Machine Learning as Arrow in Enterprise Quiver
Machine learning holds immense potential for controlling the spread of cyberattacks within organizations, Amitai explains. “Together with visibility into endpoint activity on the network, there is the option to automate cyber control mechanisms, such as cutting off vulnerable ports if there’s suspicious activity going on, or instantaneously installing necessary software patches that are missing,” he adds. “Therefore, while machine learning is great for understanding network behavior patterns, it’s even more valuable when it comes to controlling network activity to ensure network security policies are upheld.”
At present, security operations are beginning to make greater use of machine-learning-based software to identify vulnerabilities, says Shaun Cooley, CTO of IoT and Industries at Cisco.

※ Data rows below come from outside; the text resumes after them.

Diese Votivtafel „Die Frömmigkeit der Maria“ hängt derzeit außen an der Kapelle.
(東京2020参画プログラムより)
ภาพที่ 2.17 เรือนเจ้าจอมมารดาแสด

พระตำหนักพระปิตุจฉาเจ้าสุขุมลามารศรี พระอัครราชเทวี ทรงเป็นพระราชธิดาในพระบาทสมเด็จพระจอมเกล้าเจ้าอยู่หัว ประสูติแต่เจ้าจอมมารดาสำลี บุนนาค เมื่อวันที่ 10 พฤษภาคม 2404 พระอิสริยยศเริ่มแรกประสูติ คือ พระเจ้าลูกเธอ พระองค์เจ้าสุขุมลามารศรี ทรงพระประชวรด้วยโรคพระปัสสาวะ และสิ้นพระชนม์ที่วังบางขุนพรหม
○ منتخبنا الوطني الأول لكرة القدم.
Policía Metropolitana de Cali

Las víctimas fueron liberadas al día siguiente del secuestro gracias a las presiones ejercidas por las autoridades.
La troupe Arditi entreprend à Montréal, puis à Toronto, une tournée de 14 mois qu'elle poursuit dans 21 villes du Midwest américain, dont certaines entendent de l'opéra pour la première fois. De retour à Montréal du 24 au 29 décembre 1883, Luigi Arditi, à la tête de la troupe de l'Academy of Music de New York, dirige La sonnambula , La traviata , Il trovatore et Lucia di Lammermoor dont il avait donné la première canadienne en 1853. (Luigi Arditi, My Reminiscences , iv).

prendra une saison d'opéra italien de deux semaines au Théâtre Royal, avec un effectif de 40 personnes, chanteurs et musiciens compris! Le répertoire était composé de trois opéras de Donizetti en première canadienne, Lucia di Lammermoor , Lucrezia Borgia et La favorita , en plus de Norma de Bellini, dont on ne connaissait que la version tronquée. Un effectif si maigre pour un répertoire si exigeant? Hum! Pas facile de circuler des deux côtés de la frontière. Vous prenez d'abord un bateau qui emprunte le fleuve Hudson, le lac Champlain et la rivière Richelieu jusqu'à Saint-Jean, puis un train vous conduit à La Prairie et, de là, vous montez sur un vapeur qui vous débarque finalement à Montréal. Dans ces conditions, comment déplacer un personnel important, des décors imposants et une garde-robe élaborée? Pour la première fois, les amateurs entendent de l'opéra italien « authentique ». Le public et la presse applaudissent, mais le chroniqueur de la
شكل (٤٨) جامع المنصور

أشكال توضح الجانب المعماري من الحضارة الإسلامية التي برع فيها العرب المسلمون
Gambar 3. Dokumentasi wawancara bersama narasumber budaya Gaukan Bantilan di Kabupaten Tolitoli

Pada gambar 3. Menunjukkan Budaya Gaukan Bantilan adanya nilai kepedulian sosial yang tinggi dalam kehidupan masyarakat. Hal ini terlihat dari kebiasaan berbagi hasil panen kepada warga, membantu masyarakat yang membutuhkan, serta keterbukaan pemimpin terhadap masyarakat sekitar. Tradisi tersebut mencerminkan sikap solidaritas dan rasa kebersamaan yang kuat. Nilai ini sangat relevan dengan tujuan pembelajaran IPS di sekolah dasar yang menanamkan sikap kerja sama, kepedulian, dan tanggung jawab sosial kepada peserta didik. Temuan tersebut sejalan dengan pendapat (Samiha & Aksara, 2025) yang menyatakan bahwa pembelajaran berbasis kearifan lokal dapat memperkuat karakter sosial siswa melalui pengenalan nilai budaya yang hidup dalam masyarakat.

His employer, for instance, uses machine learning in its internal vulnerability assessment and product testing, including static source code analysis and binary analysis of software. “Those are all commercial tools, so we have to assume that the guys on the other side of the fence are using those tools as well,” Cooley says. “If we fail to run those commercial tools against our products, the bad guys will be the first to run the commercial tools against our products,” he adds. “Again, it is a human error thing.”

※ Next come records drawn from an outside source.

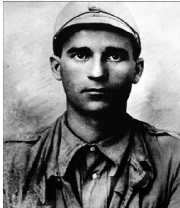
Rhaglen y Cyfarfod Coffa Cenedlaethol, 1938
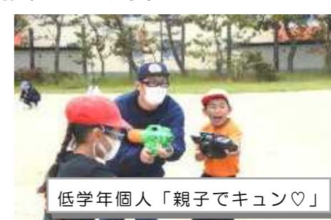
低学年個人「親子でキュン♡」
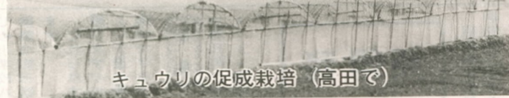
キュウリの促成栽培（高田で）

一、整備計画作成の準備 市は、まず、その地域の土地利用区分、人口、産業の動向、農業経営、農産物の流通などの現状を調査します。 次に、農用地利用の高度化をはかるため、農用地利用計画の基礎資料を作ります。 また整備計画に関係する農家の意向を反映させるため、アンケート調査を行ないます。
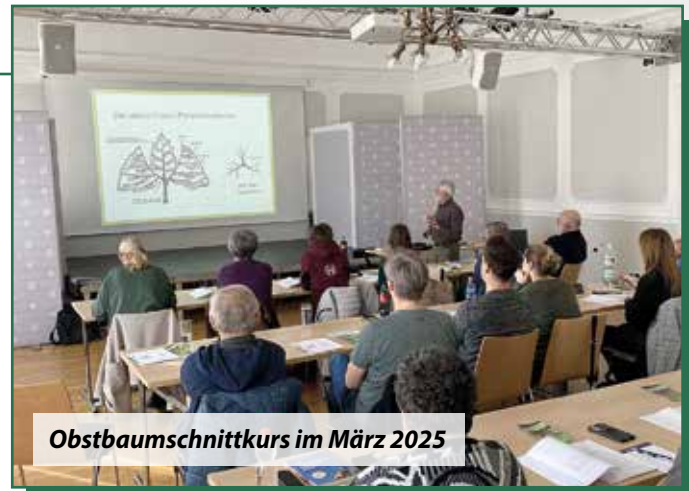
Obstbaumschnittkurs im März 2025

Seit einigen Jahren veranstalten die Österreichischen Baumfreunde Obstbaumschnittkurse in verschiedenen Gemeinden. Auch im nächsten Frühjahr werden wir wieder Kurse organisieren. Zum ersten Mal wird auch ein Veredlungskurs angeboten.
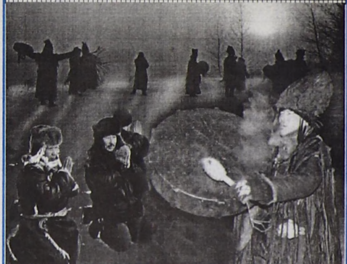
Каң кадыкшылды, каткы-хөгү, Кайгамчык чедишкннини Хайырлаңар, Өршээ!
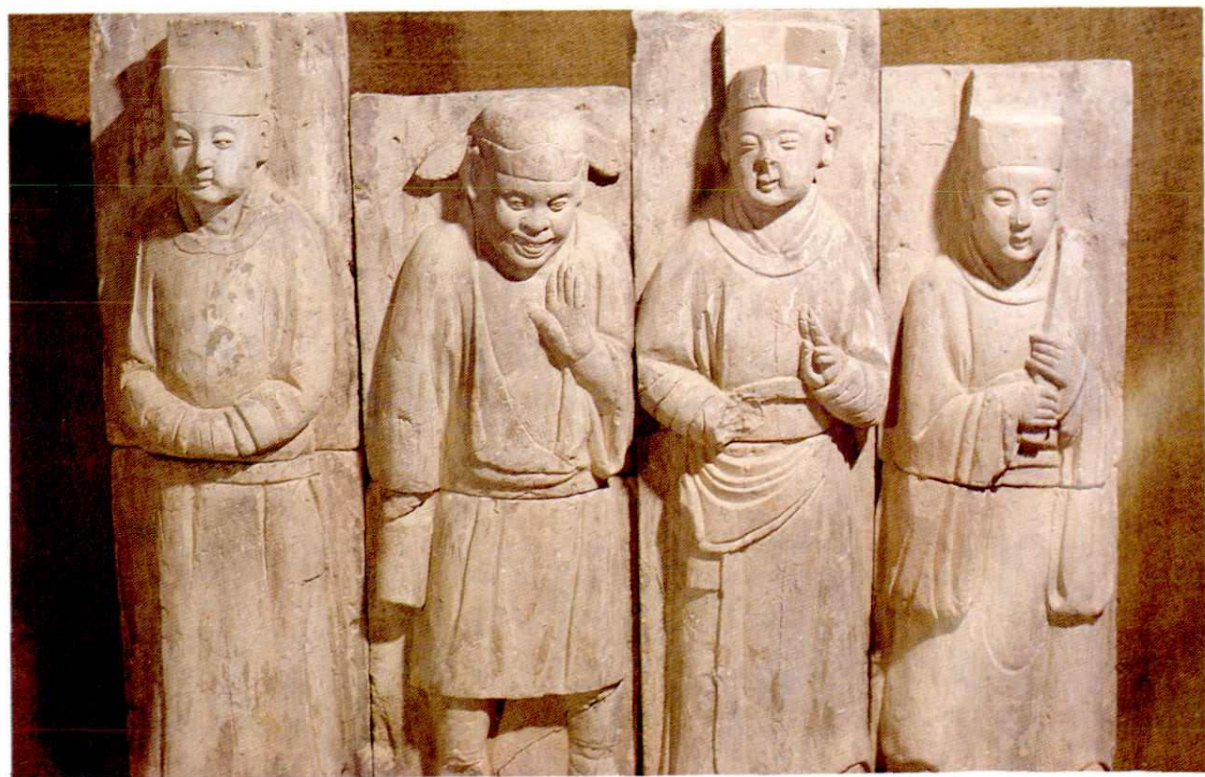
稷山苗圃金墓戏剧砖雕
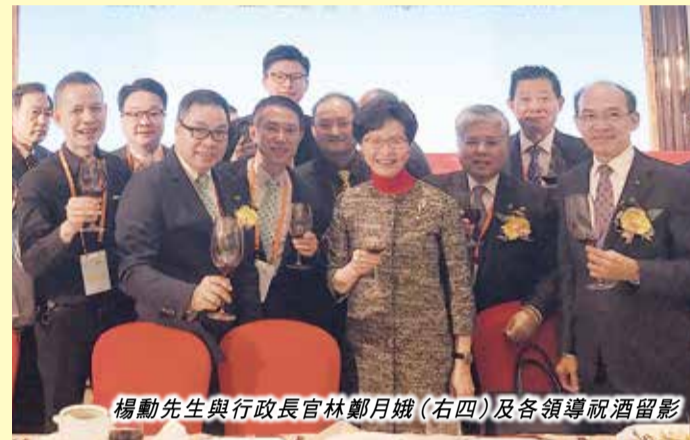
楊勳先生與行政長官林鄭月娥(右四)及各領導祝酒留影

在合作交流會上，楊勳先生與工商團體領袖及粵港澳兩地政府領導共同高歌《中國人》和《歌唱祖國》，展現了香港珠三角工商業界勤奮拼搏、自強不息的精神和愛國愛港的情懷。 特約通訊員
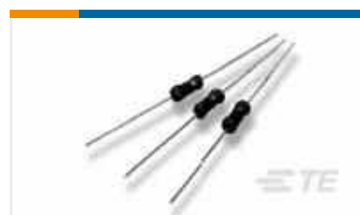
TE Teilnr.:4-1879350-2 RR01 5% 11R AMMO
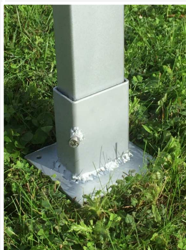
mât de signalisation 80 x 40
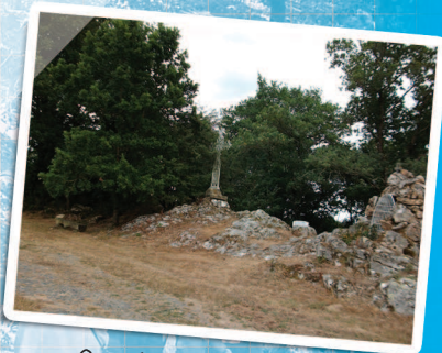
Oratoire du Pas du Saint
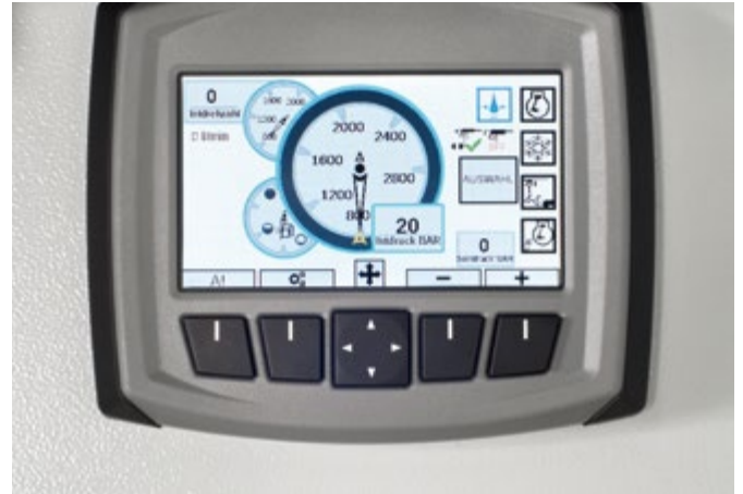
DYNAJET 易控制: 带触摸屏和彩色显示的创新控制

Peter Tran, general manager and senior director at RSA Security, warns that even small inaccuracies in artificial intelligence algorithms can create significant problems. “AI and machine learning are only as good as the environment that they have to learn from. If the compass is off even one degree, AI’s ability to learn and defend networks gets off course exponentially. You end up with the equivalent to a grid blackout condition,” Tran says. “It’s like having your GPS navigate for you with the wrong map. This is the new reality for cyber counter intelligence,” Tran says.

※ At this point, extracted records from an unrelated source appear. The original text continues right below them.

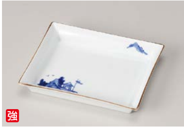
ウ211-017 淵鍔山水長角皿 15×12×2.2cm (60入・強) (美濃焼) 2,550円
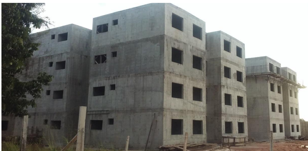
Figura 05: Construção do Residencial Janary Nunes

Mesmo com toda a expansão habitacional expressiva no Distrito de Fazendinha, observa-se novas investidas de políticas públicas na área de habitação quando o governo municipal trouxe para o Distrito a construção de uma unidade residencial, com 500 apartamentos (Conjunto habitacional Janary Nunes), que tem por objetivo suprir o déficit habitacional do Distrito e realocar famílias residentes em áreas impróprias, área de risco ou coabitação involuntária.
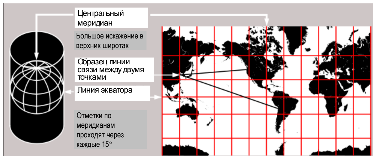
Рис. 2. Географическая проекция

Социальные ориентиры. Алтари и часовни православных и лютеранских церквей обращены на восток, алтари католических церквей — на запад, буддийские пагоды обращены фасадами на юг.
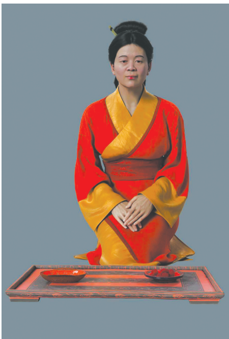
湖南博物院公开发布的“辛追夫人”3D数字人(35岁左右)形象。 新华社发(长沙数字鲸鱼科技有限公司制作)

其中,轪侯利苍的夫人——辛追夫人的1号墓保存最为完整,考古队员从中发现了2000多年前古代贵族衣食住行的秘密。
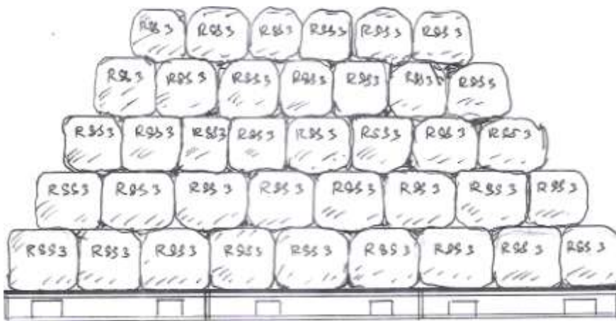
ภาพที่ ฉ.1 ตัวอย่างการวางซ้อนยาง 5 ชั้น แบบสับหว่าง

ฉ.1.4.1 กรณีเก็บยางในโกดังไม่เกิน 3 เดือน สามารถซ้อนยางได้ 5 ชั้น แบบสับหว่าง โดยแต่ละชั้นอาจไม่ต้องใช้วัสดุรอง แต่ต้องวางก้อนยางในรูปทรงพีระมิด เพื่อป้องกันก้อนยางล้ม
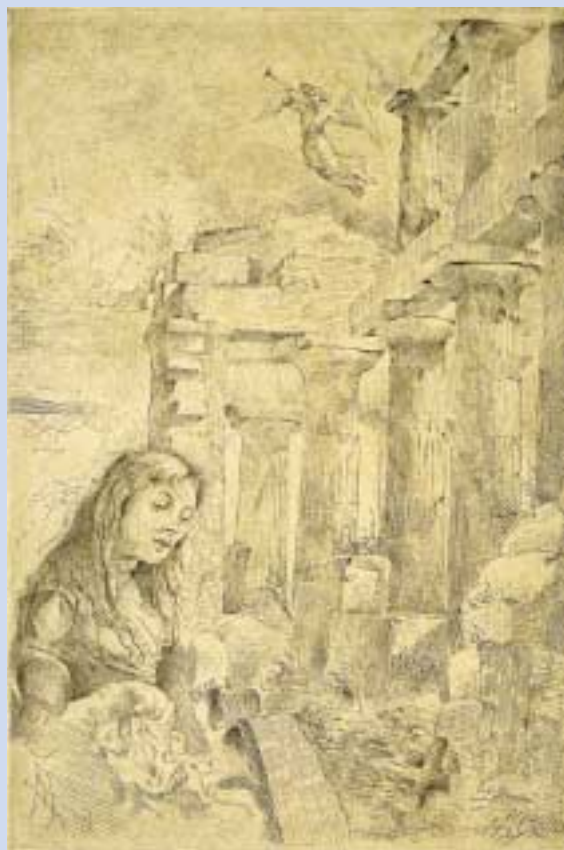
1. Zbigniew Herbert, „Widok Akropolu”, rysunek w szkicowniku z podróży do Grecji w 1975 r. 2. Cyprian Norwid, „Na cmentarzu (Alleluja!)”

„ Wkrótce uświadomiłem sobie, że istnieją we mnie dwa Akropol: dzienny i nocny. Pierwszy był analityczny, z głową w przewodniku. Sprawdzanie planu, badanie struktury całości, dotykanie kamieni, wyobrażanie sobie tego, co zginęło – trochę jak studium anatomii wykopaliskowego zwierza.

Machine learning and artificial intelligence will undoubtedly be integral to the future IoT cybersecurity landscape. But the biggest threat might not be hackers armed to the hilt with malicious AI. “Again, it’s the human element that is critical here—whether it is humans being lax when training machine learning cybersecurity algorithms, losing control over powerful cyberweapons, humans corrupting machine learning through malicious inputs undetectable by human eyes, or humans believing that a given technology will make them safe,” McCleary says. “It won’t be long before machine learning is a requirement for the network of the future—but so will be understanding the psychological underpinnings of the cybersecurity chess game. In years to come, enterprise companies might want to plan on hiring AI safety experts to make sure their superintelligent AI security systems don't wind up becoming something like Skynet in the Terminator film franchise.”